For seven years this petition filtered through the appropriate channels until, in July 1839, Havelock’s request led to liberty of worship for the whole British Army.
In spite of all the prejudice against him, Havelock steadily progressed, as his courage and military acumen became evident. It was his habit to preserve a time for Bible reading and prayer at the start of the day, on operations as well as at home.
At Jalalabad, during the Afghan War in 1841, with possible disaster impending, Havelock was asked by his former Commanding Officer to take the morning service. Captain Thomas Seaton wrote of his experience that day:
‘Everyone came as usual, with sword and pistol or musket and bayonet, and sixty rounds in pouch ready at a moment’s notice to march to battle. To me it was an affecting sight to see those great rough fellows of the 13th, with their heads bowed, humbly confessing their sins before God, and acknowledging their dependence on his goodness and mercy’.
Hope in God
In his clear, rather abrupt voice, Havelock read Psalm 46: ‘God is our hope and strength, a very present help in trouble. Therefore will we not fear … The Lord of hosts is with us: the God of Jacob is our refuge. Be still then and know that I am God: I will be exalted among the heathen, and I will be exalted in the earth.’

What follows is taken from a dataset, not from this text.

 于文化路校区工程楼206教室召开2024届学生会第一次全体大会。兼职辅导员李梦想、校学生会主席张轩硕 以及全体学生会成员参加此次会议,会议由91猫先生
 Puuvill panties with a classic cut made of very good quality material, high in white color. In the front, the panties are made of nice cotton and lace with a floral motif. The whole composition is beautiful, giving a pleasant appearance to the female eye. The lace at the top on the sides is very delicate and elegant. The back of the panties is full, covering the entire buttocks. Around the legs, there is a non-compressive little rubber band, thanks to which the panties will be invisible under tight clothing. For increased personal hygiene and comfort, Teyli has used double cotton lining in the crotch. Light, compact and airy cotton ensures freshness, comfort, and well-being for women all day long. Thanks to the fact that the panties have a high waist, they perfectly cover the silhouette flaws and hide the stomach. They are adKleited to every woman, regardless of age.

Eleven weeks later the Afghan army was routed and Havelock recorded: ‘I felt that the Lord Jesus was at my side’. To the end of his life he observed the anniversary of this ‘crowning mercy’.

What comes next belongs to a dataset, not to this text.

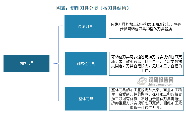 根据刀具结构的不同,切削刀具可以分为可转位刀具、整体刀具和传统刀具(焊接刀具等)。传统刀具的加工效率和加工精度较低,正逐渐被可转位刀具和整体刀具替代,可转位刀具与整体刀具已经成为主流切削刀具产品。

Another who made Havelock’s acquaintance at this time was Henry Lawrence, later Resident in Lucknow. They shared a common faith in Christ. Lawrence wrote:
‘I went to Havelock’s chapel yesterday evening. He had about forty soldiers and ten or twelve officers. He prayed extemporarily, read a few verses, sang two hymns, and read a sermon on faith, hope and charity … I went home with him to his tent, and sat for a couple of hours … He reads and prays much as if on parade, but he is a good man and a good soldier. I have never heard either doubted’.
Fifteen years later, now aged 51 and with 22 battles behind him, Havelock was appointed Deputy Adjutant General in Bombay. Previously, his name had been deliberately suppressed in promotion lists, until Lord Hardinge, the Governor General, intervened with the Duke of Wellington.
It may have been then that Hardinge, waving goodbye to the little grey-haired colonel, uttered his famous phrase: ‘Every inch a soldier, and every inch a Christian’. Later Hardinge was to say to Hannah:
‘If there is an officer of the Army who on his own account could dispense with the glory of seeking further opportunities of making you a widow, your husband is the man — for he has done more, seen more and been shot at more than any man of his rank’.
Not least of Havelock’s worries at this time was the extravagant conduct of his rebellious and unregenerate son. This may well have contributed to his breakdown in health, which necessitated his return to England in 1849 after twenty-six years of continuous service in India.
He was apparently a broken and feeble old man. But two years later, his health wonderfully recovered, and encouraged by his second son’s conversion, Havelock was able to return to India.
For family and financial reasons, Hannah was unable to accompany him. Professionally, he could see nothing ahead but a few more years of dull, routine service before retirement. He would have been amazed to know that in less than six years he would be world-famous. God was about to match the moment with his man, for ‘God was with him’.